_Activity_
Please retype the entries that follow exactly as they are, leaving the images behind.

Supplied data START

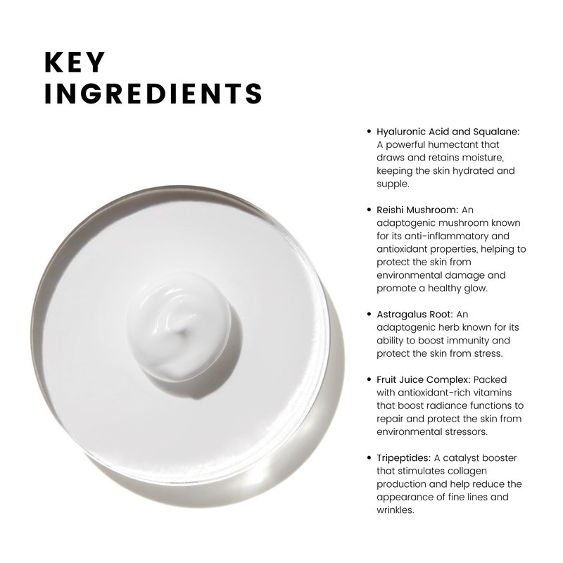 - Nourishing and Revitalizing: A blend of adaptogenic mushrooms and fruit juice complex, provides the skin with essential nutrients to nourish, revitalize, and protect against environmental damage.
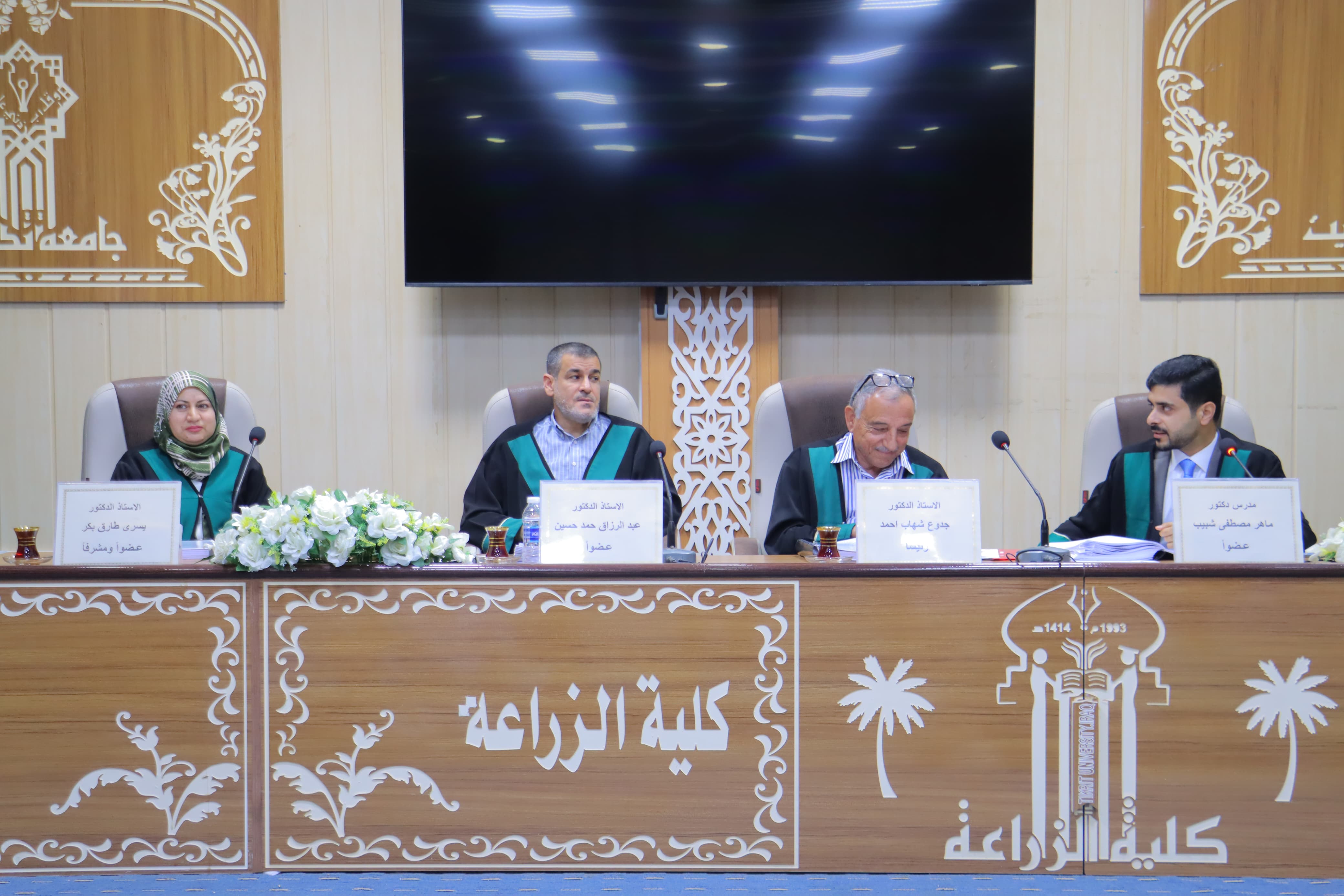 بحضور السيد العميد الاستاذ المساعد الدكتور سامي خضر سعيد.. نوقشت في قسم الاقتصاد والإرشاد الزراعي بكلية الزراعة - جامعة تكريت رسالة ماجستير للطالبة عائشة فؤاد عزيز بعنوان (دراسة اقتصادية لدوال تكاليف إنتاج التمور في محافظة صلاح الدين الموسم الزراعي 2024/ قضاء بلد انموذجاً تطبيقياً).
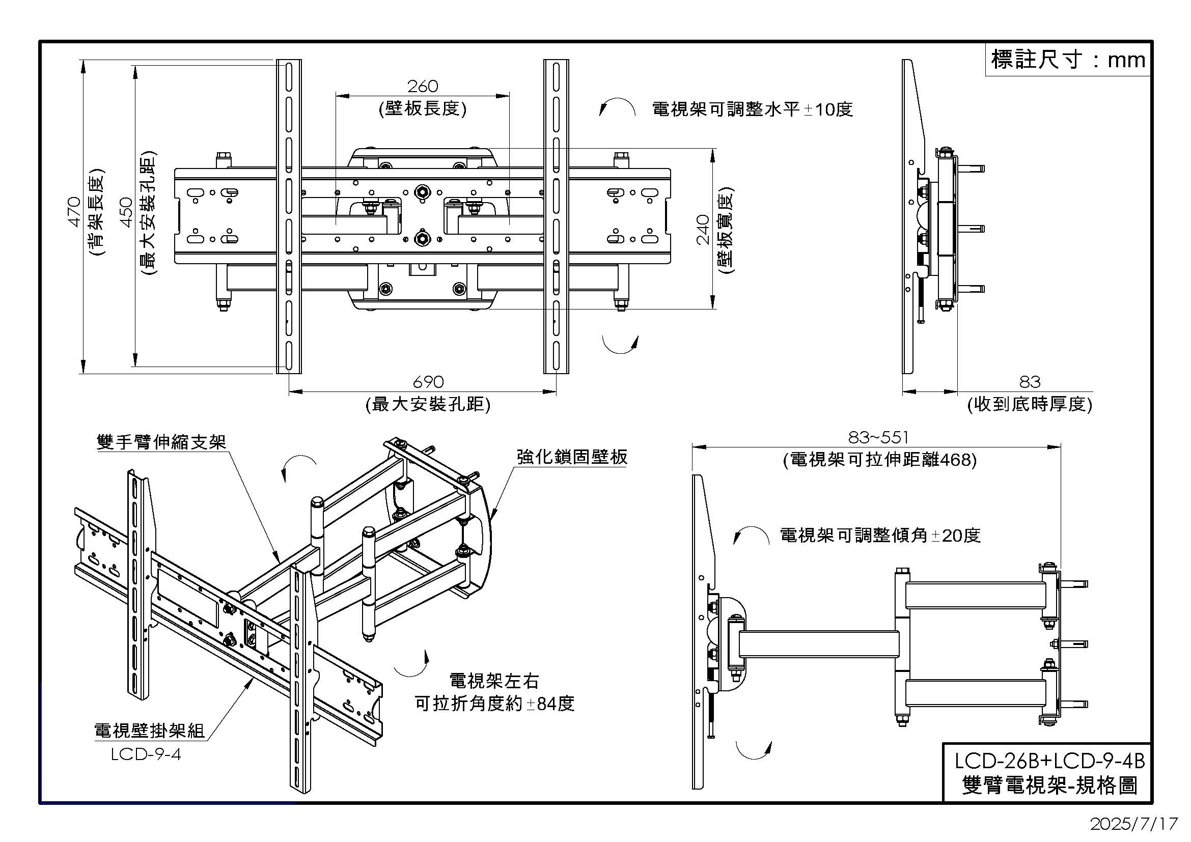 支援最大 690 × 450 mm,適配多種電視孔位。
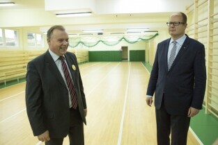 Gdańsk Osowa. Obchody 95-lecia Szkoły Podstawowej nr 81 połączone z otwarciem zmodernizowanych obiektów i Dniem Edukacji Narodowej. Nz. Prezydent Gdańska Paweł Adamowicz i Dyrektor Dyrekcji Rozbudowy Miasta Gdańska Włodzimierz Bartosiewicz (po lewej)
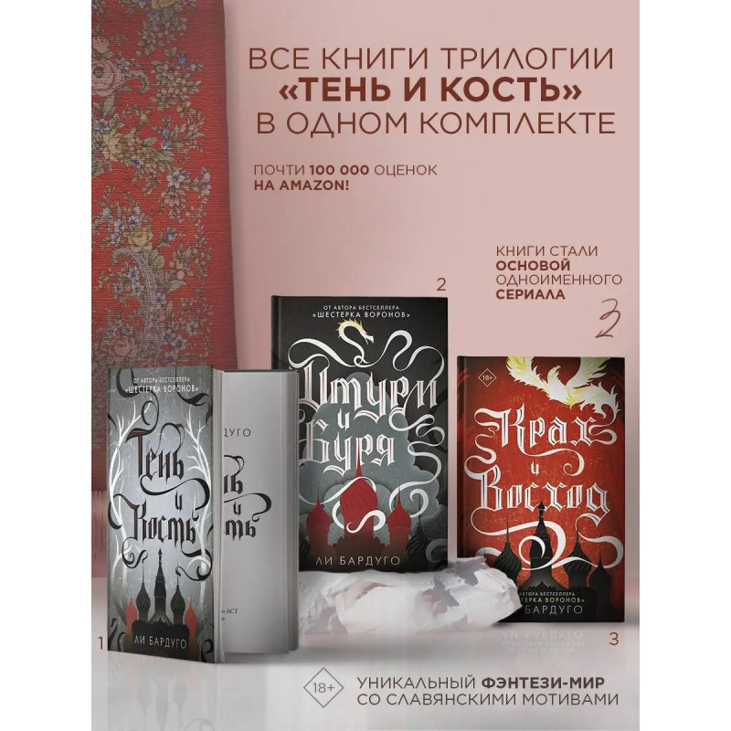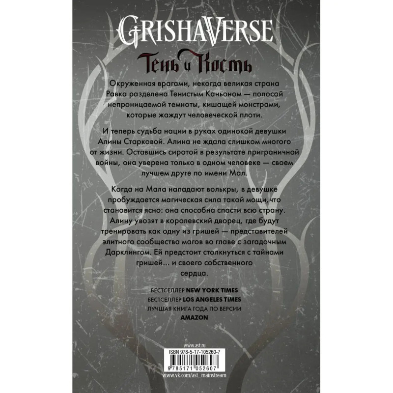Тень и кость - дебютный роман Ли Бардуго, автора бестселлеров Шестерка воронов и Продажное королевство. Книга, с которой началась история гришй - людей с магическими способностями. Алина Старкова - семнадцатилетняя девушка-сирота, которую отправили на войну в приграничную зону. Она знает, что, возможно, не переживет свой первый бой. Но дороже жизни ей Мал - ее единственный друг, которого она боится потерять. Когда на них нападают волькры - монстры, враждебные порождения тьмы, - Алина неожиданно открывает в себе силу, о которой не подозревала. Магия Алины так сильна, что становится ясно: она способна спасти всю страну. Алину увозят в королевский дворец, где будут тренировать как одну из гришей - представителей элитного сообщества магов во главе с загадочным Дарклингом. Ей предстоит столкнуться с тайнами гришей и своего собственного сердца. Книга вошла в список бестселлеров New York Times и Los Angeles Times; права на ее экранизацию приобрел продюсер Дэвид Хейман - человек, благодаря которому увидели
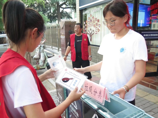 (图为实践团成员在义警联盟驿站组织“垃圾分类”小游戏)
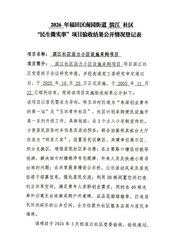 项目公示|福田区南园街道滨江社区2026年活力小区设施采购项目“民生微实事”项目验收结果公开情况登记表

Supplied data END

_Output of the task_
 - Nourishing and Revitalizing: A blend of adaptogenic mushrooms and fruit juice complex, provides the skin with essential nutrients to nourish, revitalize, and protect against environmental damage.
 بحضور السيد العميد الاستاذ المساعد الدكتور سامي خضر سعيد.. نوقشت في قسم الاقتصاد والإرشاد الزراعي بكلية الزراعة - جامعة تكريت رسالة ماجستير للطالبة عائشة فؤاد عزيز بعنوان (دراسة اقتصادية لدوال تكاليف إنتاج التمور في محافظة صلاح الدين الموسم الزراعي 2024/ قضاء بلد انموذجاً تطبيقياً).
 支援最大 690 × 450 mm,適配多種電視孔位。
 Gdańsk Osowa. Obchody 95-lecia Szkoły Podstawowej nr 81 połączone z otwarciem zmodernizowanych obiektów i Dniem Edukacji Narodowej. Nz. Prezydent Gdańska Paweł Adamowicz i Dyrektor Dyrekcji Rozbudowy Miasta Gdańska Włodzimierz Bartosiewicz (po lewej)
Тень и кость - дебютный роман Ли Бардуго, автора бестселлеров Шестерка воронов и Продажное королевство. Книга, с которой началась история гришй - людей с магическими способностями. Алина Старкова - семнадцатилетняя девушка-сирота, которую отправили на войну в приграничную зону. Она знает, что, возможно, не переживет свой первый бой. Но дороже жизни ей Мал - ее единственный друг, которого она боится потерять. Когда на них нападают волькры - монстры, враждебные порождения тьмы, - Алина неожиданно открывает в себе силу, о которой не подозревала. Магия Алины так сильна, что становится ясно: она способна спасти всю страну. Алину увозят в королевский дворец, где будут тренировать как одну из гришей - представителей элитного сообщества магов во главе с загадочным Дарклингом. Ей предстоит столкнуться с тайнами гришей и своего собственного сердца. Книга вошла в список бестселлеров New York Times и Los Angeles Times; права на ее экранизацию приобрел продюсер Дэвид Хейман - человек, благодаря которому увидели
 (图为实践团成员在义警联盟驿站组织“垃圾分类”小游戏)
 项目公示|福田区南园街道滨江社区2026年活力小区设施采购项目“民生微实事”项目验收结果公开情况登记表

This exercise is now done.